The summit also unveiled the Content India Trends Report, whose findings made for bracing reading. Daoud Jackson, senior analyst at OMDIA, set the tone: “By 2030, online video in India will nearly double the revenue of traditional TV, becoming the main driver of growth.” He noted that in 2025, India produced a quarter of all YouTube videos globally, overtaking the United States, while Indians collectively spend 117 years daily on YouTube and 72 years on Instagram. Traditional subscription TV is declining as free TV and connected TV gain ground, forcing broadcasters to innovate. “AI-generated content is just 2 per cent of engagement,” Jackson added, “highlighting the dominance of high-quality human content. The key for Indian media companies is scaling while monetising effectively from day one.”
Hannah Walsh, principal analyst at Ampere Analysis, added hard numbers to the picture. India produced over 24,000 titles in January 2026 alone, with 19,000 available internationally. The country now accounts for 12 per cent of Asia-Pacific content spend, up from 8 per cent in 2021, outpacing both Japan and China. Key exporters include JioStar, Zee Entertainment, Sony India, Amazon and Netflix, delivering over 7,500 Indian-produced titles abroad each year. The top importing markets are Saudi Arabia, the UAE, Egypt, the United States and the Philippines. Scripted content dominates globally at 88 per cent, with crime dramas and children’s and family titles performing particularly strongly.
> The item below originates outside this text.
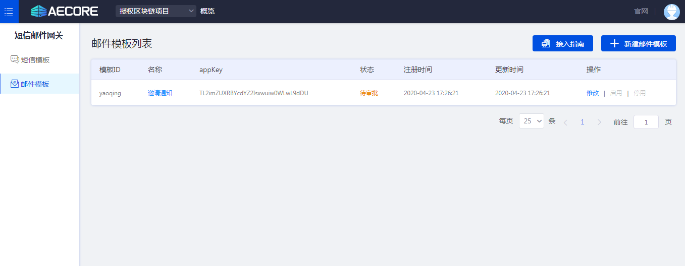 获取邮件、短信模板操作:1、登录AECORE;2、开通邮件短信服务;3、创建邮件、短信模板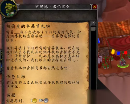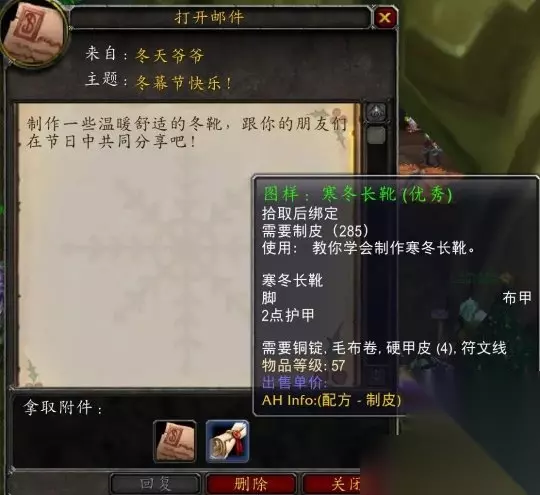 上线之后,只要打开邮箱,就能收到冬天爷爷发来的祝福邮件呢。而且呀,还会得到一张跟玩家专业相关的图纸。得到这些馈赠之后,就前往奥格瑞玛或者铁炉堡去找冬天爷爷报到吧。

Manoj Dobhal, chief executive and executive director of Dish TV India, framed the summit’s ambition squarely. “Stories don’t need translation. They need a platform, discovery, and reach, local or global,” he said. “India produces more movies than any country, our streaming platforms compete globally, and our tech and creators win international awards. Yet fragmentation slows growth. Producers, platforms, and tech move in different lanes. We need shared spaces, collaboration, and an ecosystem where ideas, technology, and people meet. That is why we built Content India.”
The data, the pitches and the prize money all pointed to the same conclusion: India is not waiting for the world to discover its stories. It is building the infrastructure to sell them.